Он шёл не бороться, он шёл понять. Воин в нём осознал своё поражение и полную негодность своего оружия против этого нового врага, но философ, который родился и вырос в нём за годы жизни в этом наполненным знаниями, библиотеками и университетами великом греческом полисе, жаждал изучить это явление. Умирая, он силился постичь — что же это такое на самом деле? Что же это за страшный и непобедимый враг, с которым столкнулась и перед которым оказалась такой беззащитной его непобедимая империя?
Похоже, к площади брёл не только он один. То тут, то там на тёмной улице было видно, что к ней ковыляли слабые тени. Иногда поодиночке, иногда группками.
Войска вокруг площади ещё стояли, но солдаты как-то жались к кострам, совершенно не препятствуя движению, так что практически оцепления не было. Один из легионеров, видно заметив определяющую его стату одежду, было, к нему подошёл, вытянув уже руку для приветствия, но, глянув в лицо, смутился и быстро отступил к костру.

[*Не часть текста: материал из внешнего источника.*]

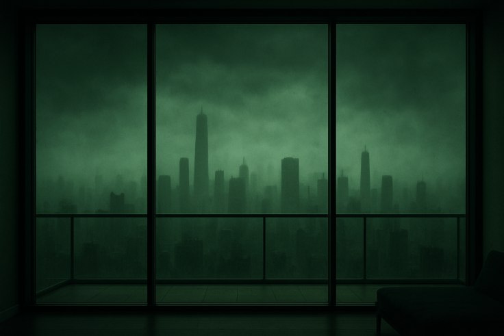 Город снаружи был не просто большим — он был бесконечным. Тысячи небоскрёбов выстроились рядами, уходя за горизонт, переплетённые паутиной магистралей-эстакад. Но всё это утопало в тумане. Не в обычном сером мареве, а в чём-то густом, жирном, с зеленоватым отливом, будто кто-то вылил в атмосферу тонны светящейся краски. Туман поднимался на сотни метров, облизывая здания примерно до середины, и только самые высокие здания торчали над ним, как одинокие и мёртвые. Небо над туманом было затянуто сплошной пеленой туч цвета мокрого бетона, без единого проблеска. И тишина. Полная, давящая тишина, которую изредка разрывал низкий, протяжный гул, будто сама планета стонала от боли. Даже через тройные стеклопакеты он пробирал до костей.

Наместник притронулся к своей щеке, и вместо упругой кожи почувствовал что-то рыхло-склизкое. Он усмехнулся и направился к колонне, вокруг которой снова собрался табор издыхающих от болезни, как будто совсем недавно и не было их безжалостного массового избиения и полного очищения всей этой территории.
Когда он достиг её подножия, силы практически оставили его. Он в измождение упал на ступени у массивного основания колонны, прислонившись спиной к уходящему в высь мрамору, содрогнувшись на миг от вида полностью изгадивших её каких-то осклизлых потёков. Видно пока так и не убранный с её вершины труп Мразогория обильно потёк, стремительно разлагаясь на жаре. Но сил отползти туда, где почище, уже не было, и он, прикоснувшись к её липкой поверхности, бессильно сидел, прерывисто дыша, и отрешённо смотря, как вокруг копошатся и умирают другие несчастные.
Он всё силился понять среди этого триумфа смерти— какой же Мир они несут с собой, что это за спасение, о котором они столько говорили и которое так ждали, и можно ли как-то это перебороть?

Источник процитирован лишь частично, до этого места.